Crítica de Un gato en París
Jean-Loup Felicioli y Alain Gagnol llevan desde 1997 (según reza Sr. Internet) convertidos en dos de los principales abanderaos de la animación clásica, a base de apostar religiosamente por producciones que tiran de lápiz y papel, carboncillo, goma y acetato. El resultado, al menos con esta vida de gato que ahora nos proponen (y que en España se conoce con la brillante traducción de Un gato en París), es efectivamente un cine que transporta a otra época, aquella todavía virgen de ordenadores y dimensiones múltiples, y con la originalidad y el cuidado como principales valores. O sea: premisas peculiares, argumentos con potencial para pillar desprevenido, personajes bien elaborados, y una factura artística digna de elogio. En concreto, aquí en apenas 65 minutos se cuenta la historia de un gato que de noche vive con un ladrón de guante blanco, y de día con una niña aparentemente muda, hija de una mujer policía cuyo marido fue asesinado. Ambos destinos se cruzan cuando el responsable de la muerte hace acto de presencia, arrancando así un entramado de polis y cacos por los tejados de la capital francesa, mientras sus habitantes duermen plácidamente…

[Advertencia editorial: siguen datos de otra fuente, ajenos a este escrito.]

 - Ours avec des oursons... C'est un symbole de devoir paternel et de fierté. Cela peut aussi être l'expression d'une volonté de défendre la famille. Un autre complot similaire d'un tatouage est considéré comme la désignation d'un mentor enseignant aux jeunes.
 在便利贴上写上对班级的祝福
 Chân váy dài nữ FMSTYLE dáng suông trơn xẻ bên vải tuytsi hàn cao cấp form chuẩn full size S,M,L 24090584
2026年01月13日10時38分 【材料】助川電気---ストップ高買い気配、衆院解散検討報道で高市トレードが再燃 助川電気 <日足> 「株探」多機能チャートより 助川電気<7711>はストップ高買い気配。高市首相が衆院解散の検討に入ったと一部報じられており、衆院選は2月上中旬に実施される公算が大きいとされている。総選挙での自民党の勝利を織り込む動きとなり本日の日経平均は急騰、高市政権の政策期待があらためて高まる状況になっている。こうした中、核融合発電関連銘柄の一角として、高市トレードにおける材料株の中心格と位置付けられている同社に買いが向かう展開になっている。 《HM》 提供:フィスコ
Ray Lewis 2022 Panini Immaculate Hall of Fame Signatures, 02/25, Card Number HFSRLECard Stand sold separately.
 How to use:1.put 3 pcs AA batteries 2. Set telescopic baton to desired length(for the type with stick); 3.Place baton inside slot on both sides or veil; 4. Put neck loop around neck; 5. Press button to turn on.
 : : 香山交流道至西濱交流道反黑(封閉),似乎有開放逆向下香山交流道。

Desde luego sorprendente es un rato, no se puede negar; y mayor es el nivel de ojiplatismo cuando se asiste a sus títulos de apertura, sensacional ejercicio revisionista que no habría sido descabellado imaginar en manos de Saul Bass. Referente nada gratuito puesto que (y al poco se descubre el pastel) más que a los cuentos de hadas, más que a las películas infantiles ya sea de ahora o de antes; más que a referentes de corte más familiar y/o simplón… más que a todo ese universo algo neblinoso del que hacen uso y abuso el noventa por ciento de producciones animadas, Un gato en París se asoma a los clásicos del cine negro, a las pelis de caza al ladrón de toda la vida. Aquellas con grandes personajes de moralidad bifocal, que con el paso del tiempo se han ido convirtiendo en auténticos iconos. De este modo, pese a lo reducido de su metraje la cinta descubre un buen puñado de matices nuevos, para deleite del espectador más adulto y descubrimiento del más joven, seguramente sobreexpuesto al exceso de subnormalidad reinante en la animación actual en general. Y ojo, que todo esto lo hace sin renegar en ningún momento de su vertiente infantil (personificada en la niña y su disimulada lucha por la superación).

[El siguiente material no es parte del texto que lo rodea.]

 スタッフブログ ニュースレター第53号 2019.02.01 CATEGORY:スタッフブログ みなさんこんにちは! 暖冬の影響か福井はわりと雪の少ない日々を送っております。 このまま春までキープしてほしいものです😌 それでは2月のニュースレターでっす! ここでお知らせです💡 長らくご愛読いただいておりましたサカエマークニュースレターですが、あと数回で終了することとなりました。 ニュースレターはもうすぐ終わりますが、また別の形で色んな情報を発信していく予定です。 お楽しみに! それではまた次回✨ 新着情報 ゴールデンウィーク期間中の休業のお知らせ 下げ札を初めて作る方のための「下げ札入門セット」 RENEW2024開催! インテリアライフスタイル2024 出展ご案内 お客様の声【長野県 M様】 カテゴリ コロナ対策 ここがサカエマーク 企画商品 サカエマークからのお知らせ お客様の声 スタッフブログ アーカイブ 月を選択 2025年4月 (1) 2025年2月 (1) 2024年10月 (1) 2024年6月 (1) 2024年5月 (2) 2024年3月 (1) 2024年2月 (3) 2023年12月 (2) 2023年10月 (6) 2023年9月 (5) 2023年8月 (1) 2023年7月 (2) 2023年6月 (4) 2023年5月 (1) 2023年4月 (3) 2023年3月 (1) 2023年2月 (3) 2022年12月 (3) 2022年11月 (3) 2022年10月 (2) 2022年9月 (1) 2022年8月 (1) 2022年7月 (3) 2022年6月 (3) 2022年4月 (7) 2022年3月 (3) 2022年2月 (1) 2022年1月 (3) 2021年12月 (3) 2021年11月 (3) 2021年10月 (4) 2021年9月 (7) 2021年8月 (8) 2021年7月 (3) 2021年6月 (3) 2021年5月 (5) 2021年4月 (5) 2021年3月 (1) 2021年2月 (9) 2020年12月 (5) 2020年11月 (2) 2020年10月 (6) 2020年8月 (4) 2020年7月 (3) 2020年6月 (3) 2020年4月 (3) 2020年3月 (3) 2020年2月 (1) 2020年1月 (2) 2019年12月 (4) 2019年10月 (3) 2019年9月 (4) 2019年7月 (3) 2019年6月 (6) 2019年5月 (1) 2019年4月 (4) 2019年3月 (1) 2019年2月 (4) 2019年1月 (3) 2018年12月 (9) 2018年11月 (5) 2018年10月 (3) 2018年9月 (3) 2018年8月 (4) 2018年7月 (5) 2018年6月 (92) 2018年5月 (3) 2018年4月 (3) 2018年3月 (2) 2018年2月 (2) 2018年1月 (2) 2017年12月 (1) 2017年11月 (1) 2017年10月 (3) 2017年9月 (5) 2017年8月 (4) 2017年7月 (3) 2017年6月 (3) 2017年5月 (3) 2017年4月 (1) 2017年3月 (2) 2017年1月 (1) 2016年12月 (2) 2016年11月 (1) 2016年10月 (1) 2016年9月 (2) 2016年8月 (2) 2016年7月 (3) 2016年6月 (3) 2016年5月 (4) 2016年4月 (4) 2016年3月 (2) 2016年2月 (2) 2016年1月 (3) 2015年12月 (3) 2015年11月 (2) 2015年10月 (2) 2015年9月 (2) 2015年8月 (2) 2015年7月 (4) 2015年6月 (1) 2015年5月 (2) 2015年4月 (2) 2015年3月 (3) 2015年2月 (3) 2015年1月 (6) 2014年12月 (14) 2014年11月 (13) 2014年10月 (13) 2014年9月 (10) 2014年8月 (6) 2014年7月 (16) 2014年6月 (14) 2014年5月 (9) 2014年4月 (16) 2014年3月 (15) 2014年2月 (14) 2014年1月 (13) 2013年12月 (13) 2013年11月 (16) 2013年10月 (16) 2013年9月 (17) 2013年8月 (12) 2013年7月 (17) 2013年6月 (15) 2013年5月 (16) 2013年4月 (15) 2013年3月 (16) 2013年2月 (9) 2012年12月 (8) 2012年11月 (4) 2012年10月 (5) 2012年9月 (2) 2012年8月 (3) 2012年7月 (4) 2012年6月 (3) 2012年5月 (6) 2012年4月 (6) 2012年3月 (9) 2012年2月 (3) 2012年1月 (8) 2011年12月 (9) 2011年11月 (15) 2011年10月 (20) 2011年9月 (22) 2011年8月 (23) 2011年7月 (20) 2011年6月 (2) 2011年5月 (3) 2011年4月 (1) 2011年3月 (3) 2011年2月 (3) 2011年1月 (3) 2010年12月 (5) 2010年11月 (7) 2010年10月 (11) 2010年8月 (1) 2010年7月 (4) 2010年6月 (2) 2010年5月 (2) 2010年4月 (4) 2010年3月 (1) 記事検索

Que haya sido tratado todo con cuidado y mimo máximos, lleva no sólo a un guión tan fresco y bien calculado, sino a un empaque visual original y casi onírico. Si este no es un cuento de hadas al uso, por lo menos, que a la vista lo parezca. Las sinuosas formas y movimientos del ladrón, la placidez del gato, los vivos colores, las surrealistas formas de los tejados… Todo influye para darle vigor a Un gato en París en general, y la consabida condición de ciudad mágica (ora embriagadora, ora pesadillesca) a París en particular. Acompaña, completa y remata la faena una espectacular banda sonora, protagonista absoluta tanto cuando eclosiona como cuando se mantiene en silencio (o casi).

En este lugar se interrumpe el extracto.